Last month, one of our coaches told me about a ten-year-old she'd been working with. The child hadn't left the house in four months. School refusal. Panic attacks. The family was being threatened with prosecution. The mother was falling apart.
Six weeks of STILL Method sessions. The child is back at school. Not perfectly. Not without wobbles. But they're going in. They're using their tools when panic starts. They're sleeping in their own bed. The family has hope again.
That's what this work does.
You sit with an adult who's having their third panic attack this week and teach them how to interrupt it. You watch the panic recede. You see them cry with relief because someone finally explained what's happening in their body and gave them control over it.
You work with a teenager who's been terrified of vomiting for three years. Who won't eat. Who's lost dangerous amounts of weight. Who's been in and out of hospital. You teach them the STILL framework. Slowly, carefully, you help them rebuild their relationship with food, with uncertainty, with their own body. And six months later they're eating pizza with friends.
This isn't abstract "wellness" work. It's not life coaching where you help someone optimise their productivity. This is crisis intervention that gives people their lives back.
And here's the thing: it's not you fixing them. You're not the hero. You're teaching them tools they can use. You're showing them their anxiety makes sense and is manageable. You're giving them a framework that works when you're not there.
That's sustainable. That's empowering. That's ethical.
And it's profoundly satisfying work.
You'll go to bed some nights thinking: I helped that child learn to sleep alone for the first time in two years. I taught that parent how to support their teenager without accommodating the anxiety. I gave that adult hope that this doesn't have to be forever.
Most jobs don't give you that.
The Reason Not To Do This
Let's be honest about what anxiety coaching isn't:
It's not passive income. You're trading time for money. Every client you see requires your presence, attention, and energy. There's no "set it up once and earn whilst you sleep."
It's not easy. You're working with people in genuine distress. Some sessions are hard. Some clients don't progress as quickly as you'd like. Some families are stuck in patterns you can't shift. It's emotionally demanding work.
It's not guaranteed success. You can train, set up your practice, and still need to actually get clients. Marketing yourself requires effort. Building credibility takes time. The first six months can be lean.
It's not suitable if you need immediate full-time income. Most coaches build this alongside existing work. Going straight from training to full-time practice is risky unless you have financial reserves.
It's not for everyone. Some people train and realise they don't actually enjoy the work. That's fine. But it's worth being honest with yourself about whether you have the temperament for sitting with other people's anxiety without trying to fix it too quickly or taking it home with you.
If any of that makes you think "actually, this isn't for me" - good. Better to know now.
What Training Actually Looks Like
The STILL Method training is five days (or self-paced online equivalent if you can't make the live dates). You learn:
The five-step STILL framework in detail
How to work with children, teenagers, and adults
Specific protocols for panic attacks, school refusal, sleep anxiety, emetophobia, separation anxiety
How to run effective sessions (not therapy, not life coaching, something different)

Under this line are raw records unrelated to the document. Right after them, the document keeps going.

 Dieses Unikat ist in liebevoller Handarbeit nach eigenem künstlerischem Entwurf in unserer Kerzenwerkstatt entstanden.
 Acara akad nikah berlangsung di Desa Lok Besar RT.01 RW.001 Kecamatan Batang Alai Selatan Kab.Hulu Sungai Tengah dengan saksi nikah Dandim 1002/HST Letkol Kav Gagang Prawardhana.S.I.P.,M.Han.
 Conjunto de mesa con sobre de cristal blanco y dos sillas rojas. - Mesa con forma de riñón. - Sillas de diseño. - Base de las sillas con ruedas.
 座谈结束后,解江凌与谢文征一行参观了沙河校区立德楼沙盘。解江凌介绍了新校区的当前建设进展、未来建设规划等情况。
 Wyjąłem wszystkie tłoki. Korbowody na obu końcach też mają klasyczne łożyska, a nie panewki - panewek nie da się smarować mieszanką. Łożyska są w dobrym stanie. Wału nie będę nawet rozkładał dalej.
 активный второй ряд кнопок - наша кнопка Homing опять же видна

Trauma-informed practice and neurodivergent-aware delivery
How to build and market your practice
How to handle the business side: pricing, boundaries, insurance, safeguarding
You finish with accreditation from ACCPH and IPHM. You get lifetime access to resources, session plans, client workbooks. You join a community of coaches who actually support each other rather than compete.
The investment is £1,250 total. No hidden fees. No ongoing charges (except you buy workbooks for each client, £13-£15 each).

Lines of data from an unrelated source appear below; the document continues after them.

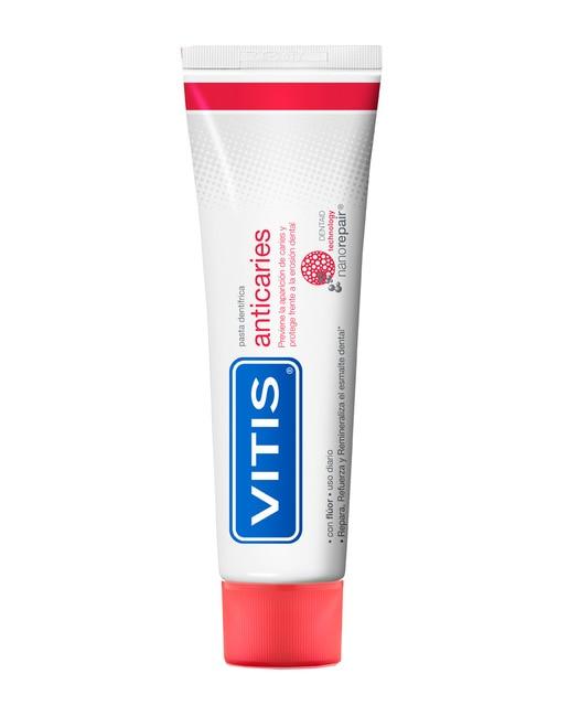 VITIS anticaries, con nanopartículas de hidroxiapatita, flúor y xylitol, es el único dentífrico con 3 mecanismos de acción específicos para la prevención de la caries y protección frente a la erosión dental. VITIS anticaries repara el esmalte dañado, llegando hasta su interior; forma una capa protectora resistente a la erosión; refuerza y fortalece el esmalte; y remineraliza el esmalte.Modo de Empleo:
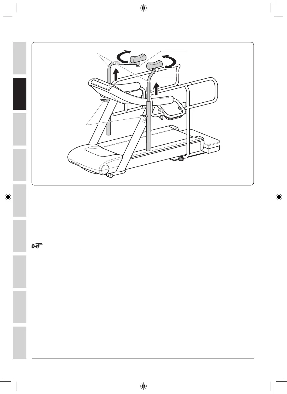 Per regolare in altezza i supporti brachiali (F) agire sulla leva (G); per ruotare la leva
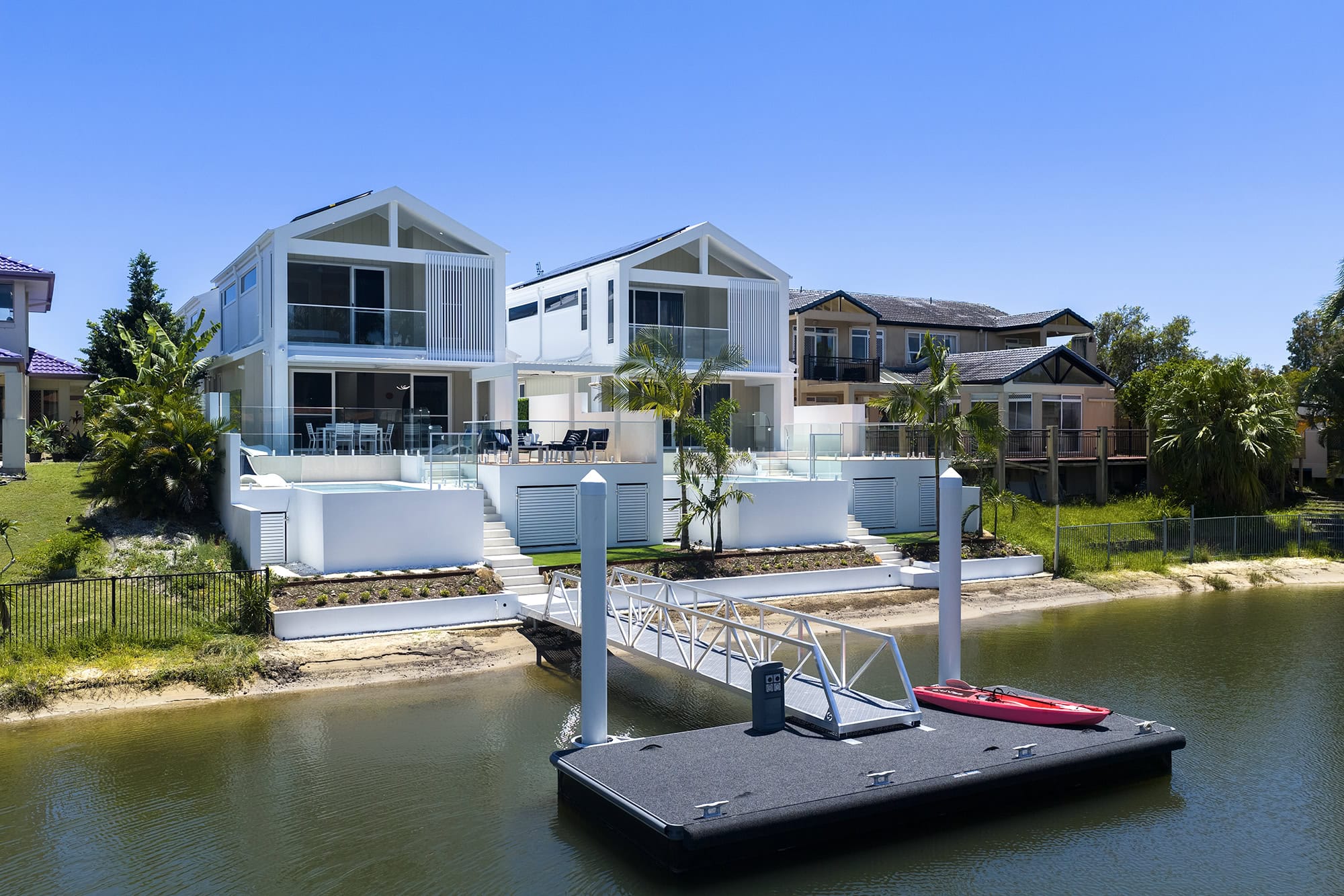 A serene waterfront residence where thoughtful architecture meets relaxed coastal elegance. 20A Drayton Terrace celebrates light, space, and connection to water. Offering four bedrooms, generous living zones, and a sunlit central courtyard, it’s designed for effortless family living and entertaining. Future-ready with solar and battery storage, EV fast charging, advanced security, and zoned ducted air-conditioning, it delivers comfort and efficiency. A refined kitchen, soaring ceilings, and seamless alfresco spaces frame tranquil water views, a freshwater pool, and timber deck, creating a Gold Coast retreat of luxury.
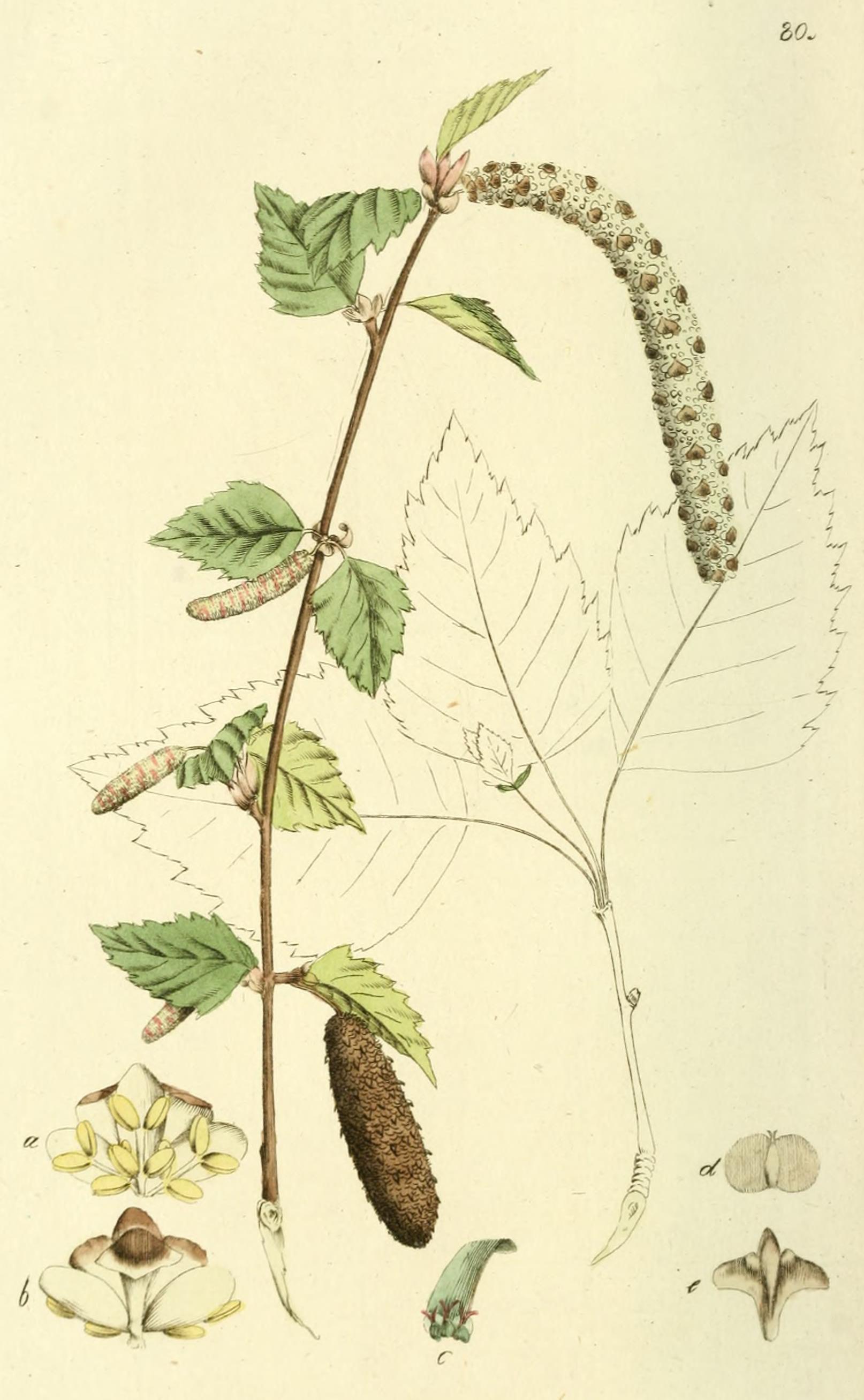 Denna bild är från boken Svensk Botanik, band 2, 1803, sida Betula alba.
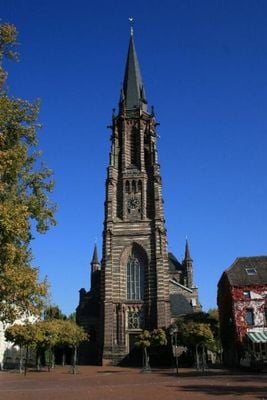 Dit kerkelijk gebouw combineert regionale bouwmethoden met specifieke ontwerpelementen die de architectonische voorkeuren van Noordrijn-Westfalen weerspiegelen.
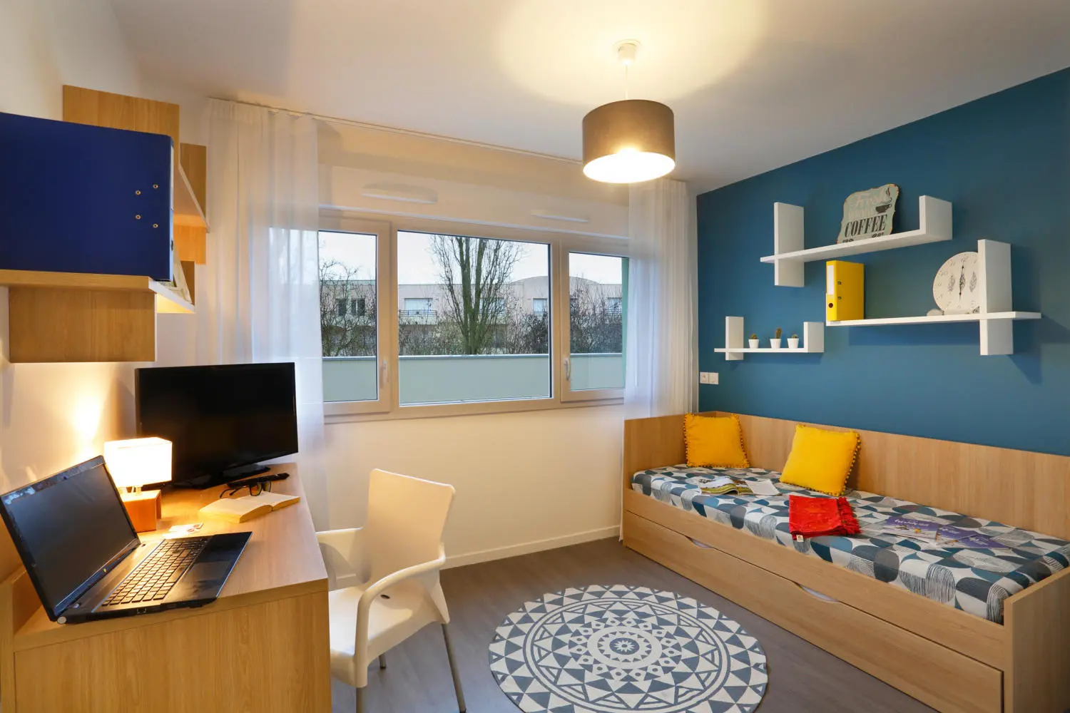 At the gates of the Rennes Villejean Campus, the residence Néméa Appart'Etud Rennes Villejean enjoys a privileged location to access several places of study: the metro station "Villejean-University" 2 min walk, the University Rennes 2 2 min walk, Campus de la Harpe 8 min walk, the Faculty of Medicine 13 min walk, local shops. The 118 practical and comfortable accommodations are composed of: an equipped kitchenette with cupboards, electric hob, microwave oven, refrigerator, a bathroom with shower and toilet, a living room with a trundle bed , table, chairs, desk and wall shelf, TV and telephone socket and an individual EDF meter.

Payment plans are available if you need them.
And you don't just get the training and then disappear. There are monthly team meetings. Ongoing mentoring. A community of coaches to ask questions when you're stuck.
Here's the full breakdown of what you learn and how it works - including dates, course content, and what happens after you qualify.
The Question You're Really Asking
Here's what you actually want to know: "Will I be good at this?"
Honest answer: maybe. Some people are naturally suited to this work. Some have to work harder at it. Most fall somewhere in between.
What matters more than natural talent is:
Are you willing to learn the method properly instead of improvising?
Can you hold space for someone else's distress without trying to make it go away immediately?
Do you have the integrity to work within your competence and refer on when needed?
Can you handle uncertainty and imperfect progress?
Are you genuinely interested in understanding anxiety rather than just "curing" it?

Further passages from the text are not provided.